Une maison de geishas, à Tokyo: les femmes qui y travaillent se serrent les coudes ou se chamaillent, mais elles sont quand même le plus souvent aussi soudées que possible. Sauf que les temps sont durs: les femmes ne rajeunissent pas, les jeunes recrues manquent à l'appel, et l'établissement est facilement à la merci de la vilenie des autres, comme cet homme qui vient les faire chanter parce qu'il sait qu'une femme qui y a été employée était en dessous de l'âge légal. Et il accuse la maison de l'avoir prostituée... Mais surtout, les solutions financières qui s'offrent à la patronne, Tsuta (Isuzu Yamada), sont souvent insatisfaisantes, et cachent de sombres desseins...

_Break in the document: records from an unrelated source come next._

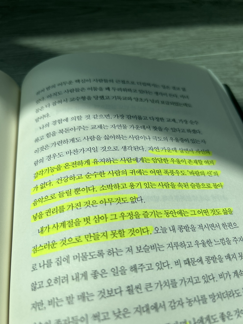 나의 경험에 의할 것 같으면, 가장 감미롭고 다정한 교재, 가장 순수하고 힘을 북돋아주는 교재는 자연물 가운데서 찾을 수 있다고 하겠다. 이것은 가련하게도 사람을 싫어하는 사람이나 극도의 우울증이 있는 사람의 경우도 마찬가지일 것으로 생각된다. 자연가운데 살면서 자신의 감각기능을 온전하게 유지하는 사람에게는 암담한 우울이 존재할 여지가 없다. 건강하고 순수한 사람의 귀에는 어떤 폭풍우도 '바람의 신'의 음악으로 들릴 뿐이다. 소박하고 용기 있는 사람을 속된 슬픔으로 몰아넣을 권리를 가진 것은 아무것도 없다. 내가 사계절을 벗 삼아 그 우정을 즐기는 동안에는 그 어떤 것도 삶을 짐스러운 것으로 만들지 못할 것이다.
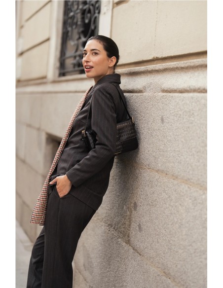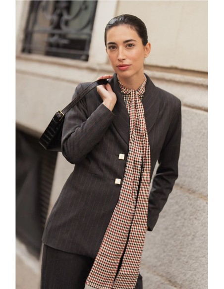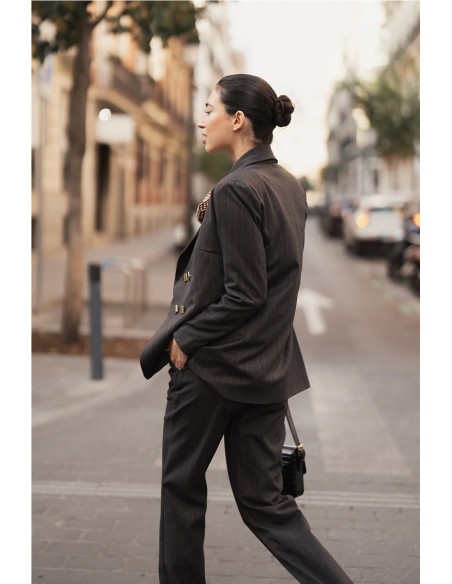 La blazer Grenat es una pieza que fusiona la sofisticación clásica con un aire contemporáneo y atrevido. Su diseño de finas rayas en tono granate sobre fondo azul gris oscuro crea un contraste sutil pero perfecto que realza la silueta femenina. Lleva cuatro botones dorados en la parte frontal, cuello recto y las mangas largas estilizan la figura, mientras que el cinturón opcional permite ceñir la cintura para un look más definido. Esta forrada por completo con acabados impecables.
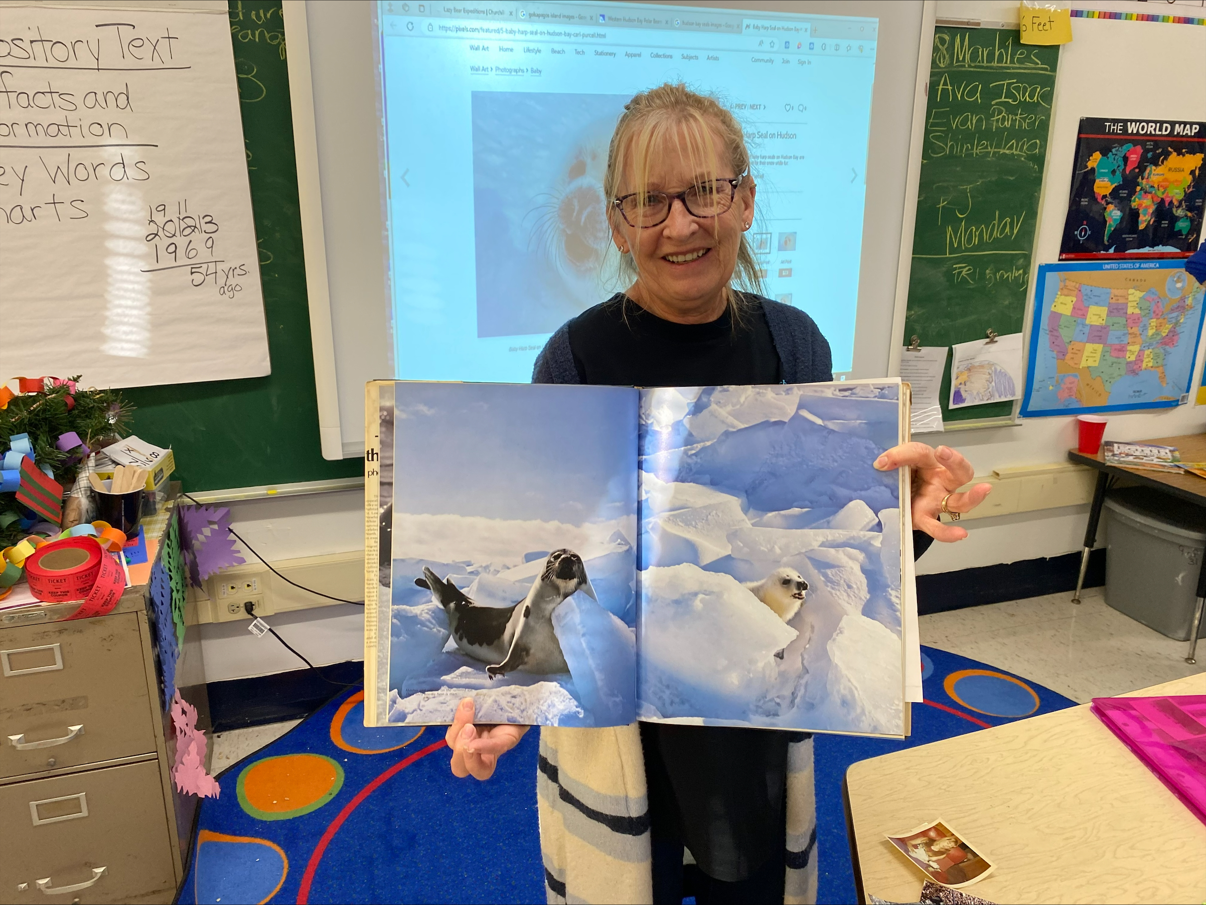 The students loved Ms. Masters’ stories about her parents’ adventures on their Alaska trip, her extraordinary childhood raising wild animals and seeing her incredible pictures. Our travels would not be possible, without the extraordinary help of Teacher Aides Mrs. Anna Tello and Mrs. Holland.
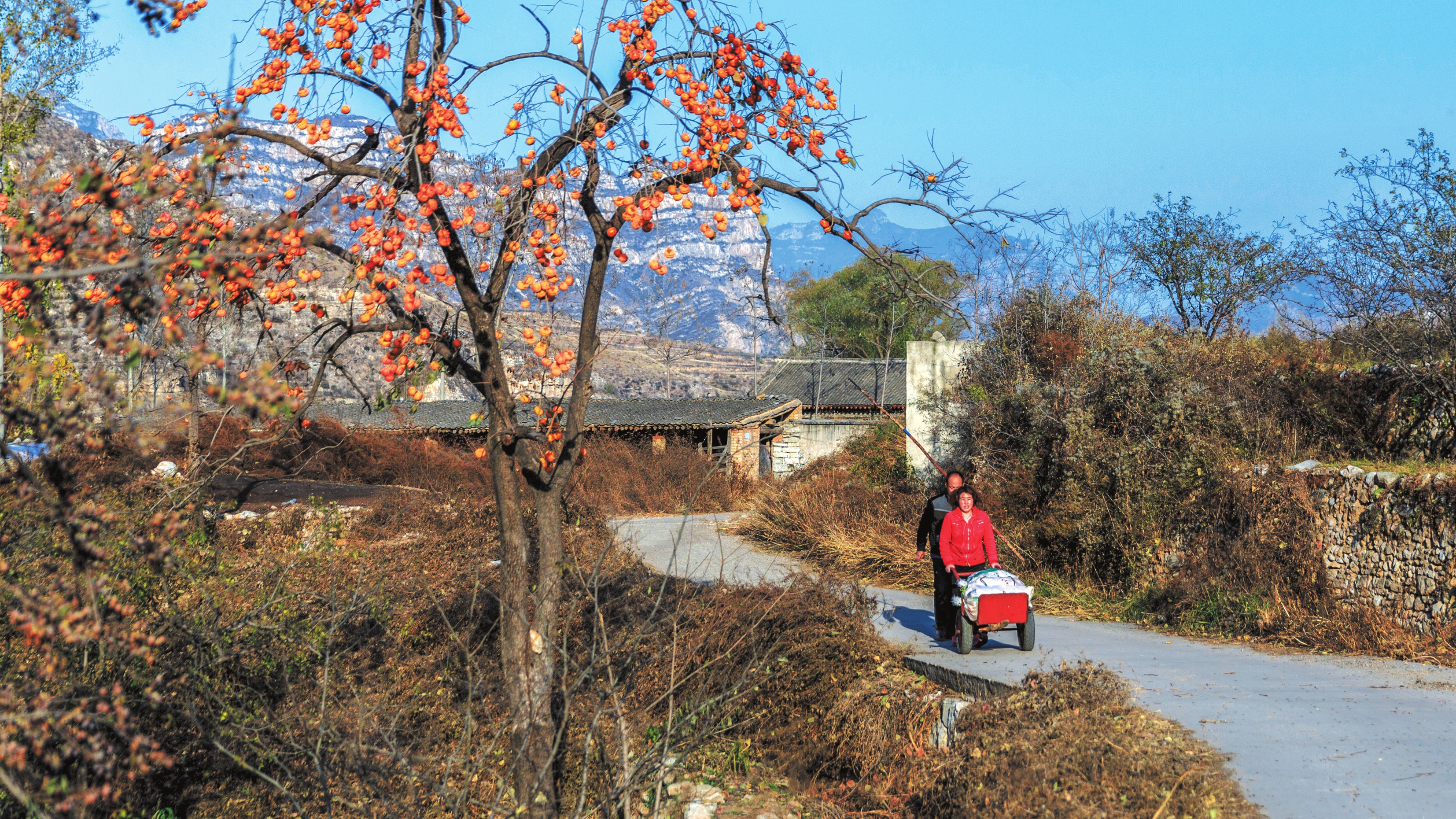 地頭那畔,景象便不同了。一對(duì)年輕的夫婦,正手腳利落地采摘、分揀柿子。竹籃里,橙紅的果實(shí)漸漸堆成小山。他們時(shí)而低語(yǔ),聲音輕得像風(fēng)拂過(guò)枝梢,說(shuō)的或許是今年柿子的成色,盤(pán)算著能賣(mài)個(gè)好價(jià)錢(qián);或許是在憧憬,等這筆錢(qián)到手,該給娃添置些什么。他們額上有細(xì)密的汗珠,眉宇間有勞作后的倦色,但那份倦色底下,卻藏不住一股子蓬勃向上的勁兒,一種屬于明天的、清亮亮的盼頭。

Avant tout, c'est une galerie de portraits qui s'offre à nous, sous les anecdotes qui s'enchaînent. Naruse consacre l'essentiel de sa mise en scène à organiser les allées et venues dans l'établissement, et à dresser des liens ténus entre les êtres, les lieux et le temps qui passe. Sans aucune rupture chronologique, il nous invite à suivre en huis-clos ou presque, le devenir des personnes qui travaillent, entre débrouille et coups d'éclat, entre fâcherie et réconciliation. Ce n'est pas un hasard s'il a choisi les plus grandes actrices pour son film; outre Isuzu Yamada, il a aussi convoqué Kinuyo Tanaka pour jouer le personnage qui sera l'un des fils rouges du film, la bonne Rika, qui arrive pour travailler au début du film, mais que tout le monde appellera Oharu.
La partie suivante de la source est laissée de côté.